Jobs’ death in 2011 left Powell Jobs as one of the richest women in the world, with some $12 billion, most of it in Disney stock, in her name. It also gives her greater freedom to lend her voice and spend her money openly on behalf of the causes she supports, and that is precisely what she has begun to do. One of the first issues she has embraced is immigration reform, a natural outgrowth of her focus on education and her personal experience as a mentor.

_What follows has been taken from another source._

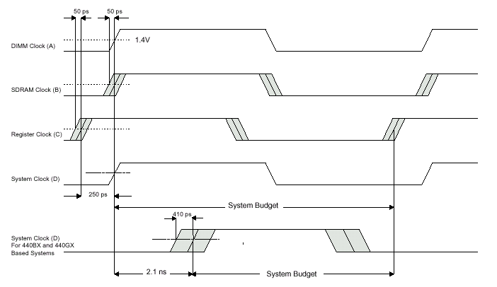Поэтому, протокол синхросигналов SDRAM Registered DIMM одной тактовой частоты и линией опорного напряжения (VREF = 1.4V) выглядит следующим образом. После коммутации, синхросигнал появляется на микросхемах Register, затем, после задержки в 250 пс, синхросигналы от системного тактового генератора появляются одновременно (с сигналом с PLL) на DIMM и входах микросхем SDRAM, а еще через 2140 пс синхросигнал появляется на входе контроллера памяти базовой логики. Здесь нужно учесть, что для тактовых сигналов системы (вход PCLKIN), микросхем SDRAM, Register и PLL опорным является передний фронт импульса синхросигнала на входе микросхемы ФАПЧ. Все умышленные задержки и выравнивание фазы контролируются емкостями и/или длинами сигнальных трасс.
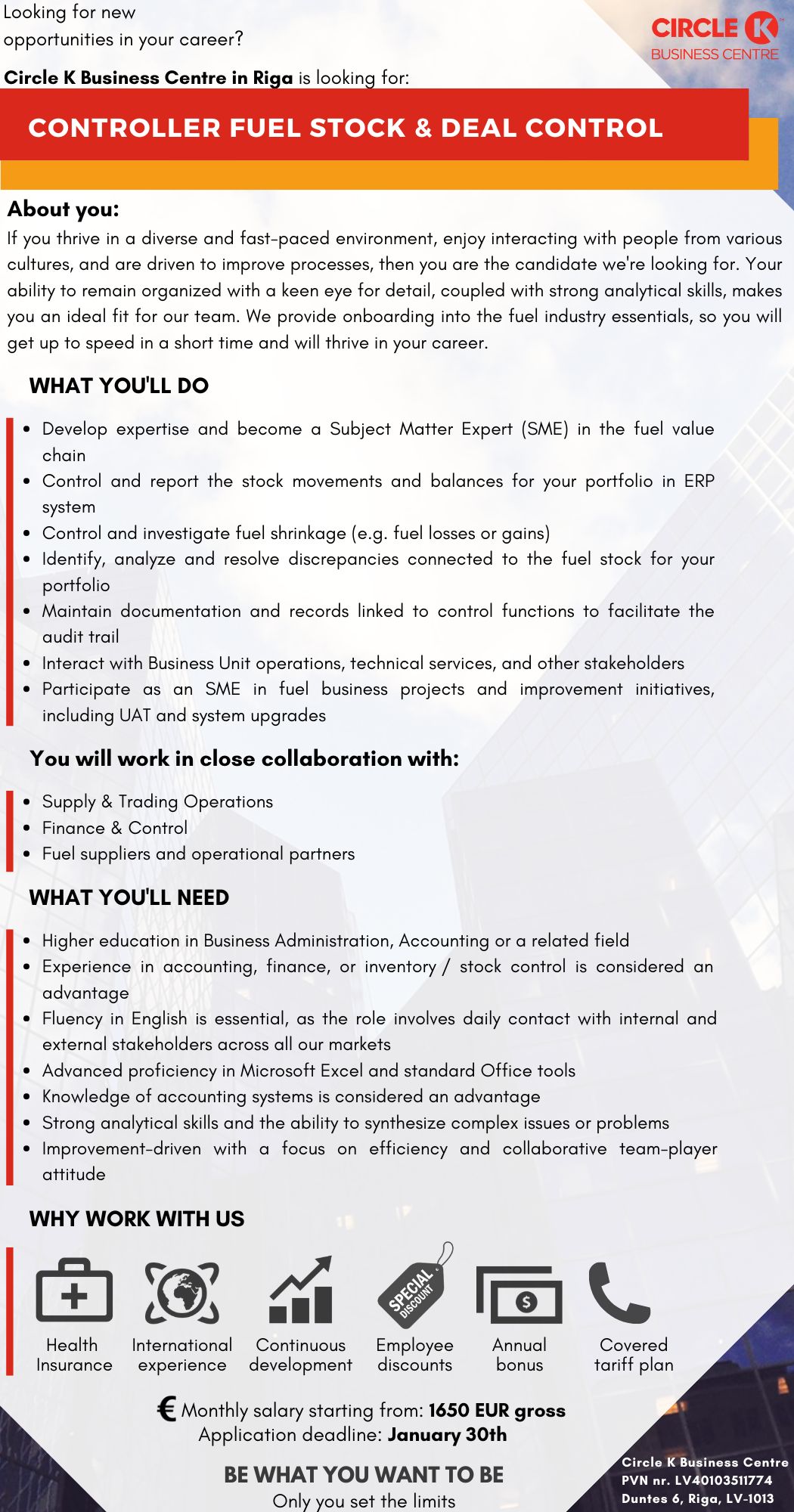 Circle K Business Centre in Riga is one of the biggest support offices in our global Circle K family. Were more than 750 professionals who are providing services in areas of Finance, Logistics, IT, Customer Service & HR. Join our international team!

The Emerson Collective, which didn’t even maintain a website a couple of years ago, currently has an up-to-the-minute site that addresses progress on immigration legislation as well as protecting the environment, education reform, and gun control. Last year she bankrolled a 30-minute film, “The Dream is Now,” about four young people whose prospects are bleak because they are in the U.S. illegally; she took it to Capitol Hill to showcase it to members of Congress, and sat for a rare interview with NBC’s Brian Williams in which she shone as an articulate, earnest advocate, bearing out Isaacson’s assertion that “she is one of the smartest and most grounded people I have ever met.” She is also a deeply private person, like her late husband, and friends say that’s unlikely to change. However, given her commitment “to try to effect the greatest amount of good,” as she told the Times, it’s doubtful that she will be able to pass again as a tall blonde woman known only as Laurene.